Top of Provided material
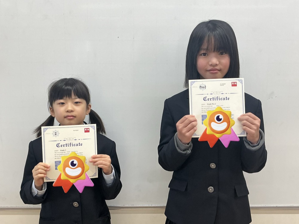 それぞれ2級(高校卒業程度,CEFLレベルB1)と準2級(高校中級程度,CEFLレベルA2)に合格しました。
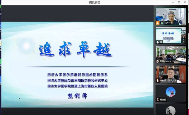12月7日,临床医公司麻醉学系邀请同济大学医公司脑功能与人工智能研究所所长、同济大学附属上海市第四人民医院熊利泽经理为本科生进行麻醉学导论专业教育,临床医公司麻醉学系主任王月兰、学系副主任及部分教师共80余人线上参加。
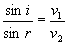 ①折射定律:入射线、法线、折射线在同一平面内,入射线与折射线分居法线两侧.入射角的正弦跟折射角的正弦之比等于波在第一种介质中的速度跟波在第二种介质中的速度之比
Bottom of Provided material
Work to be completed.
Only the pictures are to be left out; copy all the remaining material above exactly.

Result below.
 それぞれ2級(高校卒業程度,CEFLレベルB1)と準2級(高校中級程度,CEFLレベルA2)に合格しました。
12月7日,临床医公司麻醉学系邀请同济大学医公司脑功能与人工智能研究所所长、同济大学附属上海市第四人民医院熊利泽经理为本科生进行麻醉学导论专业教育,临床医公司麻醉学系主任王月兰、学系副主任及部分教师共80余人线上参加。
 ①折射定律:入射线、法线、折射线在同一平面内,入射线与折射线分居法线两侧.入射角的正弦跟折射角的正弦之比等于波在第一种介质中的速度跟波在第二种介质中的速度之比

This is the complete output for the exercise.